Problem to work on: One exact copy of the listing is needed. It should contain no pictures.

--- Given material ---

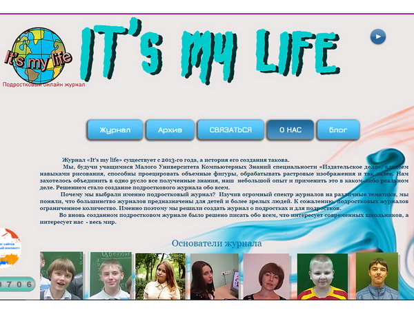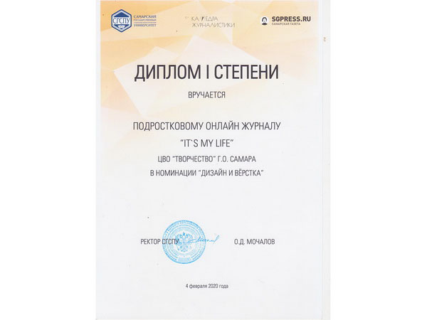 Подростковый онлайн журнал «It’s my life» ЦВО «Творчество» был заявлен в номинации «Верстка и дизайн», получил только положительные отзывы жюри и был награжден дипломом за I место. Поскольку участники редакции журнала занимаются информационными технологиями и, в частности, компьютерным дизайном, то полученный диплом является высокой оценкой знаний и умений учащихся, приобретенных на занятиях в Центре.
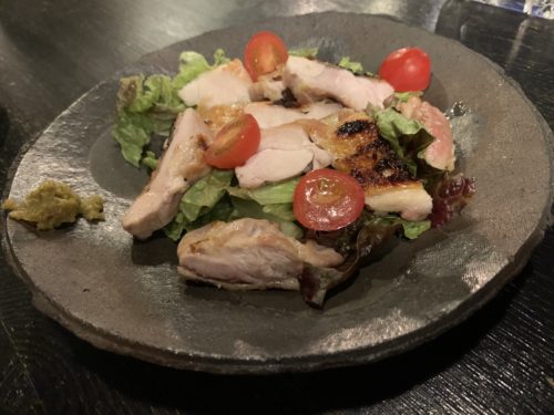 鶏肉を塩焼きにしてくださいました!皮がパリッとして超美味しい~!サラダもしっかりはいって彩がいいですね!
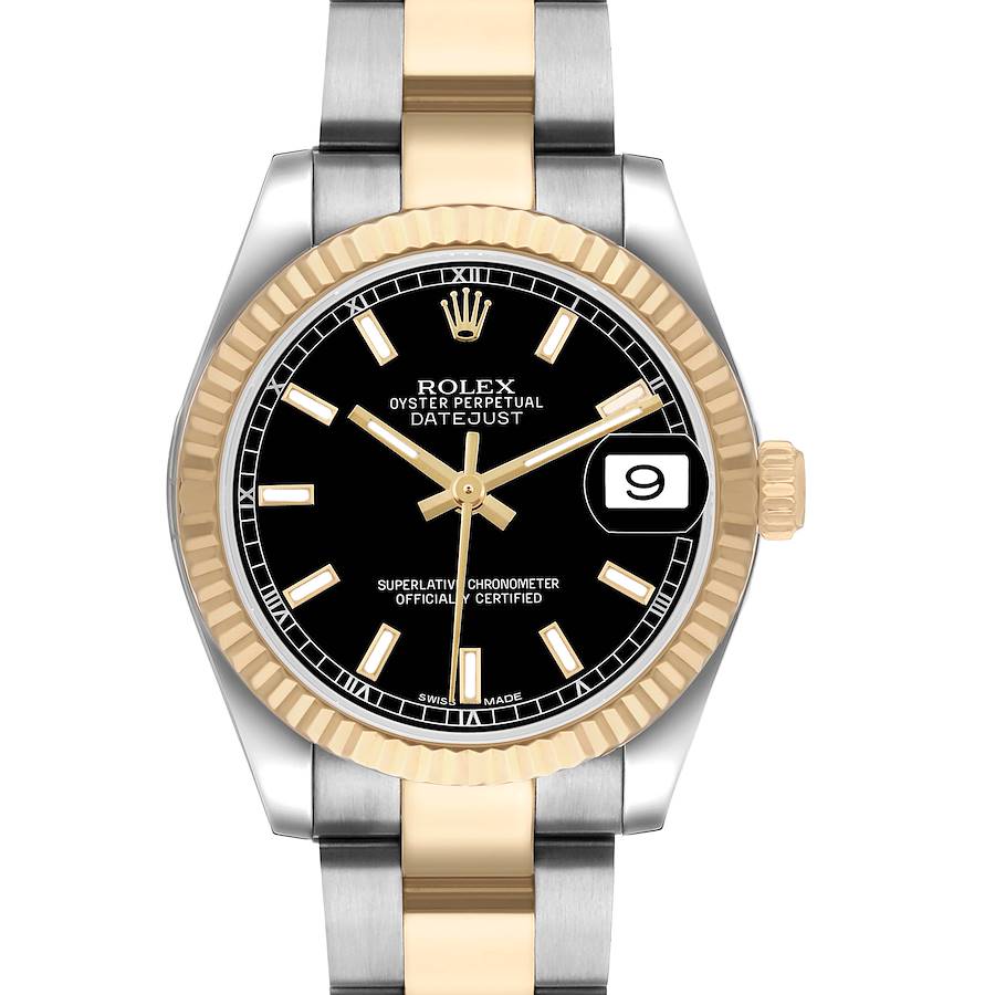 Rolex Datejust Midsize 31 Steel Yellow Gold Ladies Watch 178273. Officially certified chronometer automatic self-winding movement. Stainless steel oyster case 31.0 mm in diameter. Rolex logo on an 18K yellow gold crown. 18k yellow gold fluted bezel. Scratch resistant sapphire crystal with cyclops magnifier. Black dial with applied luminous baton hour markers. Date calendar at 3 o'clock aperture. Stainless steel and 18k yellow gold Oyster bracelet with Oyster-lock clasp. Fits a 7" wrist.

---

Solution to this task:
 Подростковый онлайн журнал «It’s my life» ЦВО «Творчество» был заявлен в номинации «Верстка и дизайн», получил только положительные отзывы жюри и был награжден дипломом за I место. Поскольку участники редакции журнала занимаются информационными технологиями и, в частности, компьютерным дизайном, то полученный диплом является высокой оценкой знаний и умений учащихся, приобретенных на занятиях в Центре.
 鶏肉を塩焼きにしてくださいました!皮がパリッとして超美味しい~!サラダもしっかりはいって彩がいいですね!
 Rolex Datejust Midsize 31 Steel Yellow Gold Ladies Watch 178273. Officially certified chronometer automatic self-winding movement. Stainless steel oyster case 31.0 mm in diameter. Rolex logo on an 18K yellow gold crown. 18k yellow gold fluted bezel. Scratch resistant sapphire crystal with cyclops magnifier. Black dial with applied luminous baton hour markers. Date calendar at 3 o'clock aperture. Stainless steel and 18k yellow gold Oyster bracelet with Oyster-lock clasp. Fits a 7" wrist.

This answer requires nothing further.